> PROBLEM DETAILS
The response should consist of the data below, copied exactly, with no pictures in it.

> Stored dataset items
□ □ □ □ □ □ □

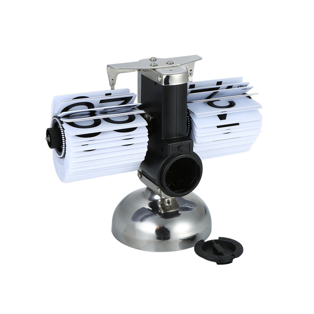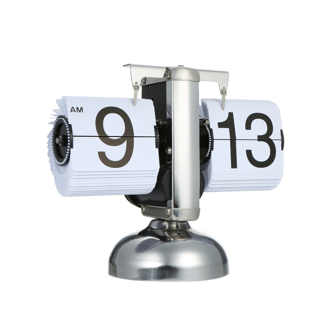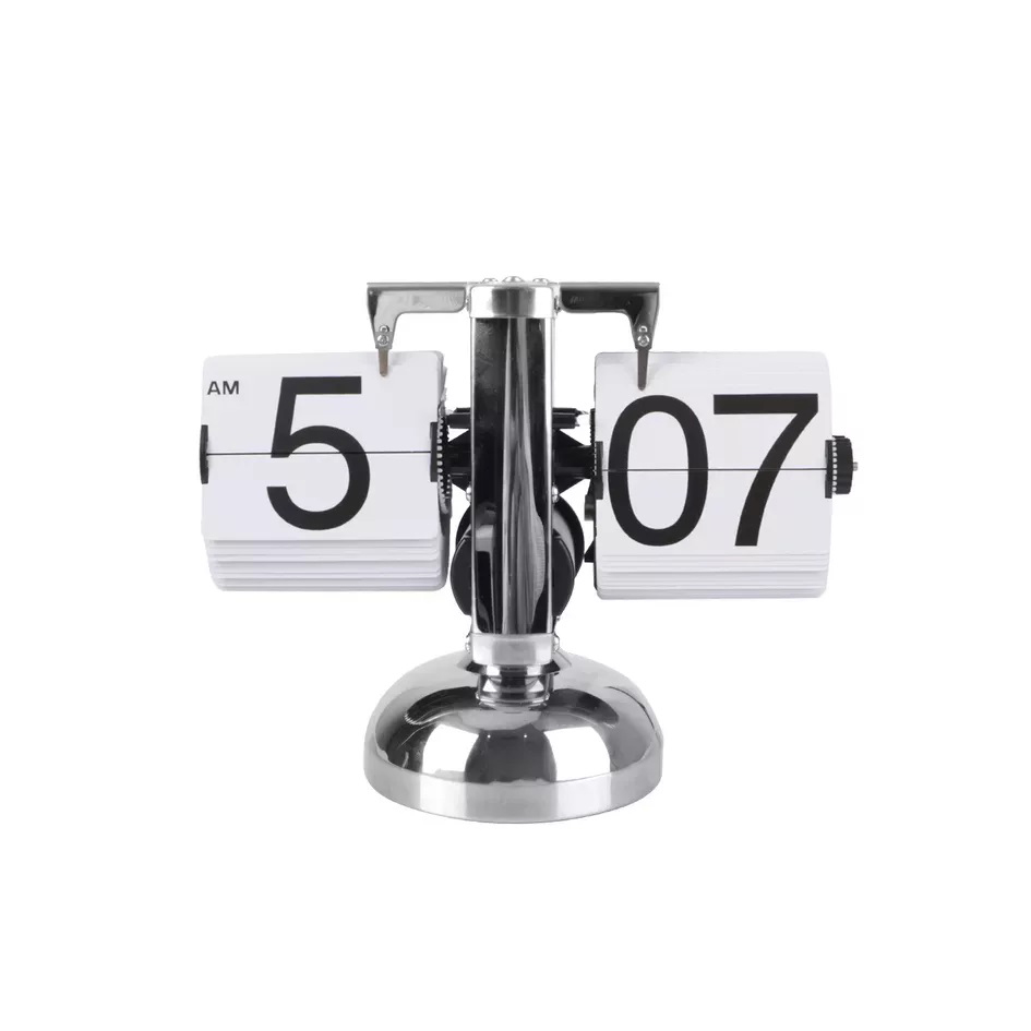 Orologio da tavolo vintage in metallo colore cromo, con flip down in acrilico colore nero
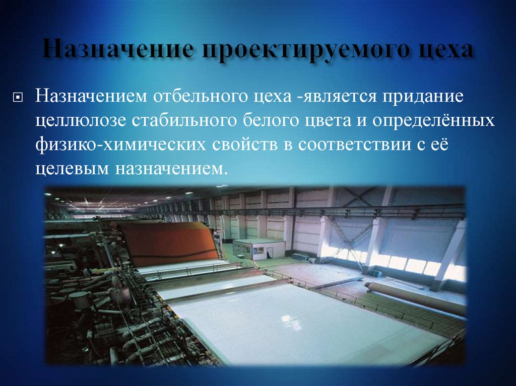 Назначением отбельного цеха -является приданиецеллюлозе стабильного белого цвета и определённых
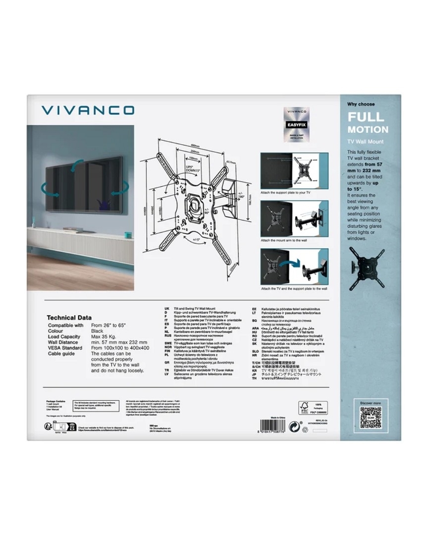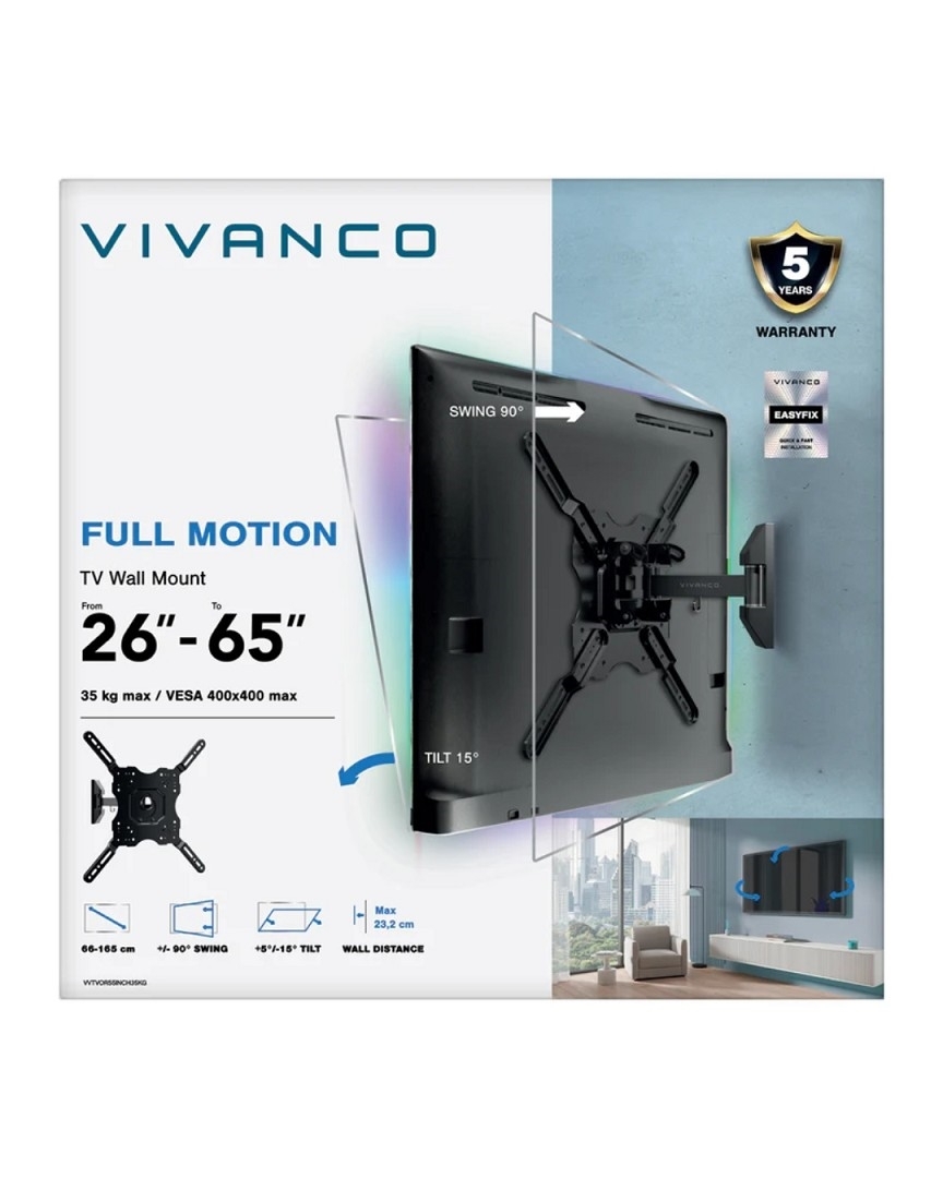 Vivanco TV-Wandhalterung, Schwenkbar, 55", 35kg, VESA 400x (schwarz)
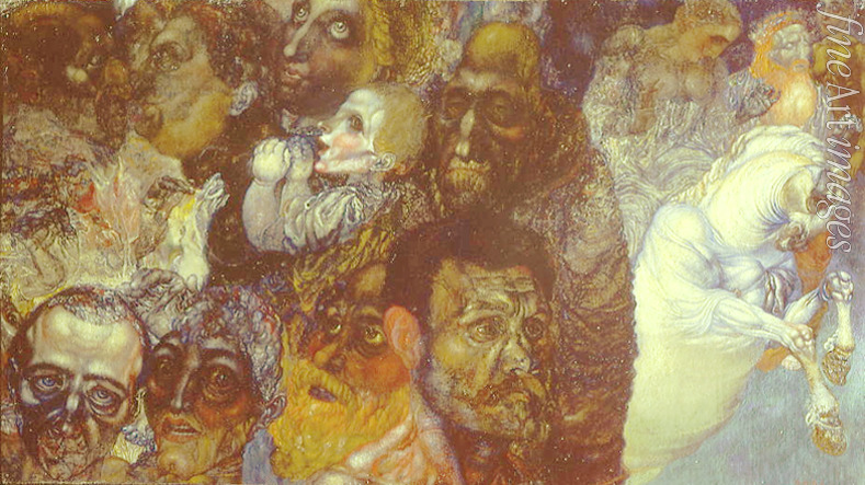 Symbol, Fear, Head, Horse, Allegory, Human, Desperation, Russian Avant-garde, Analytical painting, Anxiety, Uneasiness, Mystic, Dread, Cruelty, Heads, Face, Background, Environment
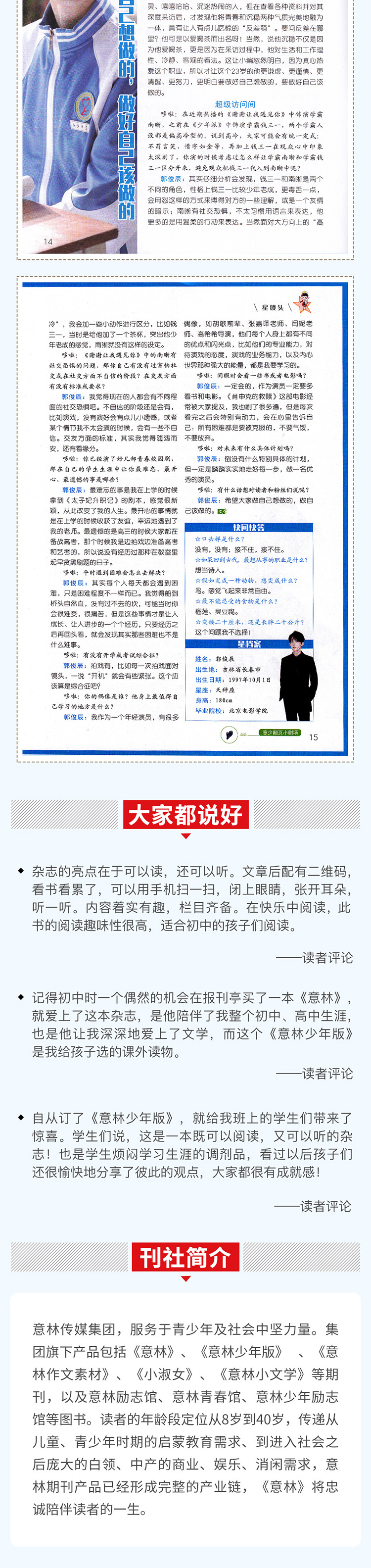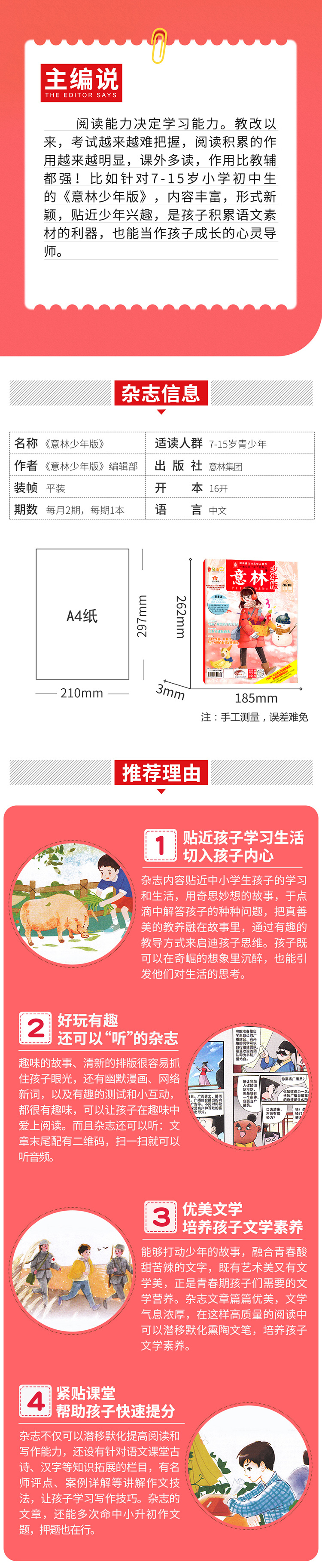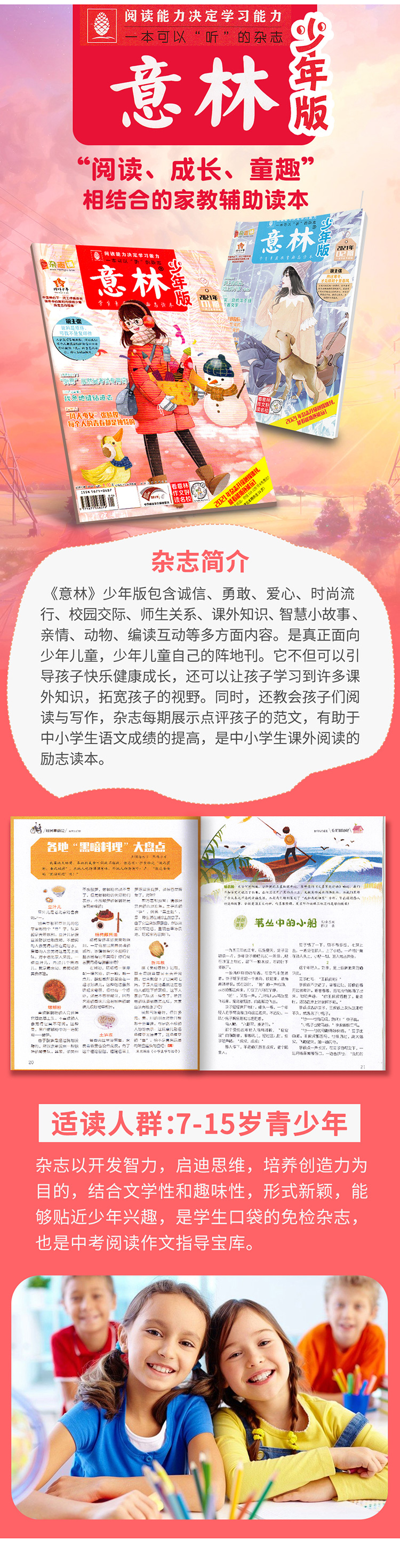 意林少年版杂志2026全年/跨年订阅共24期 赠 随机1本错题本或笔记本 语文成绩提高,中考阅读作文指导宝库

□ □ □ □ □ □ □

> ANSWER TO THIS PROBLEM
 Orologio da tavolo vintage in metallo colore cromo, con flip down in acrilico colore nero
 Назначением отбельного цеха -является приданиецеллюлозе стабильного белого цвета и определённых
 Vivanco TV-Wandhalterung, Schwenkbar, 55", 35kg, VESA 400x (schwarz)
 Symbol, Fear, Head, Horse, Allegory, Human, Desperation, Russian Avant-garde, Analytical painting, Anxiety, Uneasiness, Mystic, Dread, Cruelty, Heads, Face, Background, Environment
 意林少年版杂志2026全年/跨年订阅共24期 赠 随机1本错题本或笔记本 语文成绩提高,中考阅读作文指导宝库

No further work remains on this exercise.